Oliver Allan Almadro is a Filipino volleyball coach and is the head coach of the Petro Gazz Angels of the Premier Volleyball League and the Ateneo Blue Eagles women's volleyball team.

Education
Almadro attended the Colegio de San Juan de Letran. He attempted to secure a berth in Letran's men's volleyball team was unable to leading him to pursue a career in coaching instead.

Career
Almadro has been the head coach of the Ateneo de Manila University's volleyball teams which played in the University Athletic Association of the Philippines  (UAAP). He led the men's team to its first final appearance in three decade in Season 76 in 2014. This was followed by three-straight titles from Season 77 to 79.

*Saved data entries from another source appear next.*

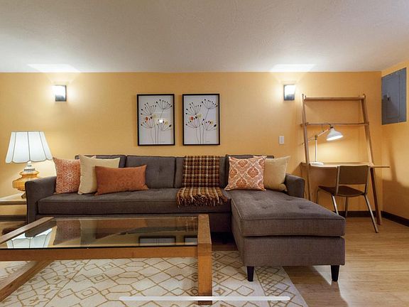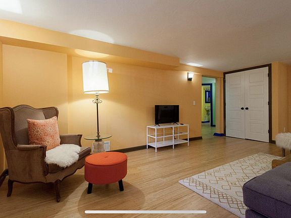 Unfurnished private space with separate entrance available March 1st in the finished basement of a house. 1 bedroom, large living room, full bathroom with large jacuzzi jet bathtub/shower, kitchenette. Shared basement laundry room with upstairs tenants. There are 2 large closets in the living room and 2 large closets in the bedroom, as well as ample storage closets in the bathroom. There is street parking outside the house. The basement is 1100 square feet. The house is located in the heart of the Williams District in NE Portland. It is in near walking distance to New Seasons, restaurants, parks, banks, etc. Walk Score of 92, Bike score 100 and transit score 54, You are located near everything here and can get to highways and bridges very easily. Upstairs tenants: The house upstairs is a 3 bedroom 2 bathroom with 2 siblings, a 43 yo F and 37 year old M and one small chihuahua terrier mix. We are mostly pretty quiet and very friendly. We are open to socializing and sharing the upstairs fuller kitchen with a downstairs tenant, but only if they are following strict Covid safety and distancing protocols. Otherwise, there will be a full kitchenette setup downstairs with induction cooktop, toaster oven, microwave, refrigerator, sink, counter space, etc. Rent includes utilities and up to 2 tenants. 1 cat or 1 small dog will be also considered with a $200 pet deposit. $1500 deposit for the room plus first month rent required for move in. Pictures included show the space when it was furnished as an airbnb. There are tenants down there now and the space is furnished differently and the paint color is white in all of the rooms pictured now except for the laundry room. Please wear masks and maintain distance when coming to see the space.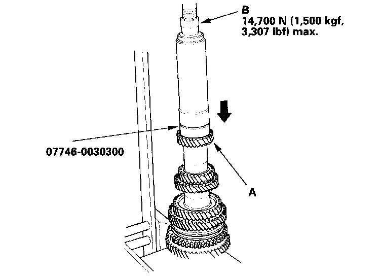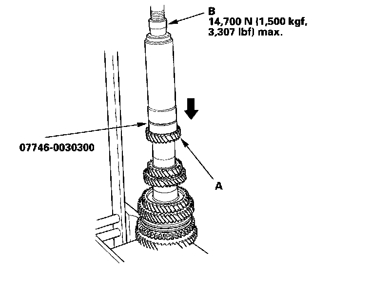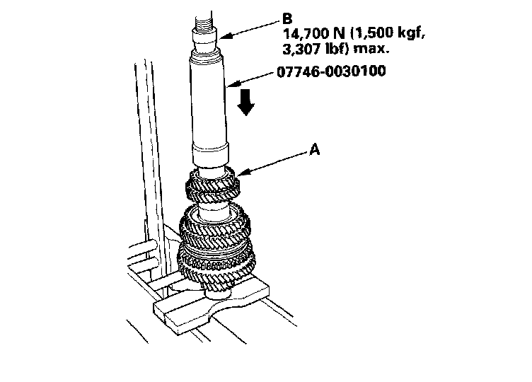 12. Install the 4th gear (A) using the special tool and a press (B). Do not exceed the maximum pressure.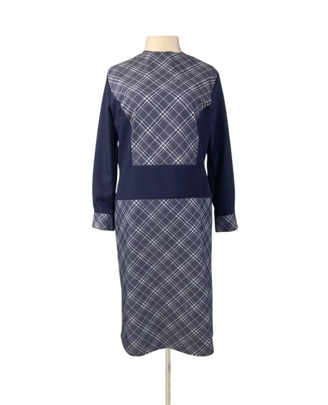 середньої довжини у темно-синьому кольорі із вставками у клітину.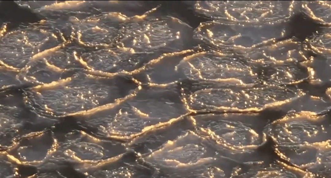 農歷二月二日,“雪龍2”從南極返回祖國的途中,路遇最美海冰——“龍鱗”冰。在夕陽的照射下,每一瓣“龍鱗”冰都勾上了金邊。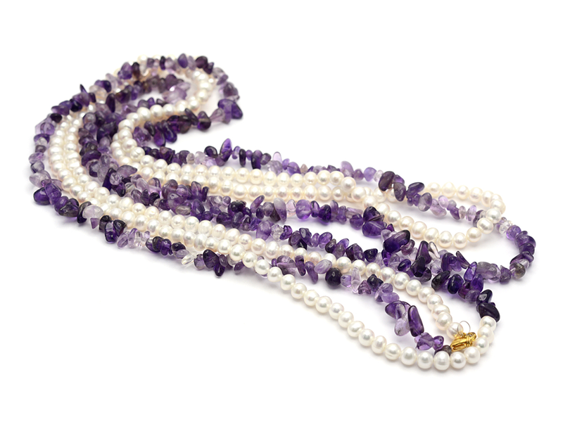 PEARL NECKLACE, cultured freshwater pearls, amethysts, gilt clasp, length 206 cm.

In May 2018, he was named as head coach of Ateneo's women's team. At Season 81 (2019), his first UAAP run with the women's side, he led the lady spikers to a title. At Season 84 (2022) however, the team finished as semifinalist.

The Choco Mucho Flying Titans, a team formed in 2019, tapped Almadro as their head coach. The team first competed in the Premier Volleyball League (PVL) in the 2019 Open Conference. Almadro resigned from Choco Mucho in November 2022 to focus on his role as head coach of Ateneo de Manila's women's team.

In 2023, Almadro joins Petro Gazz Angels as their head coach starting the All-Filipino Conference There is no indication of him leaving Ateneo despite citing a need to focus on his duties with the school for leaving Choco Mucho.

Personal life
Almadro is a devout Roman Catholic and has three sons and a daughter. He is a devotee of the Black Nazarene.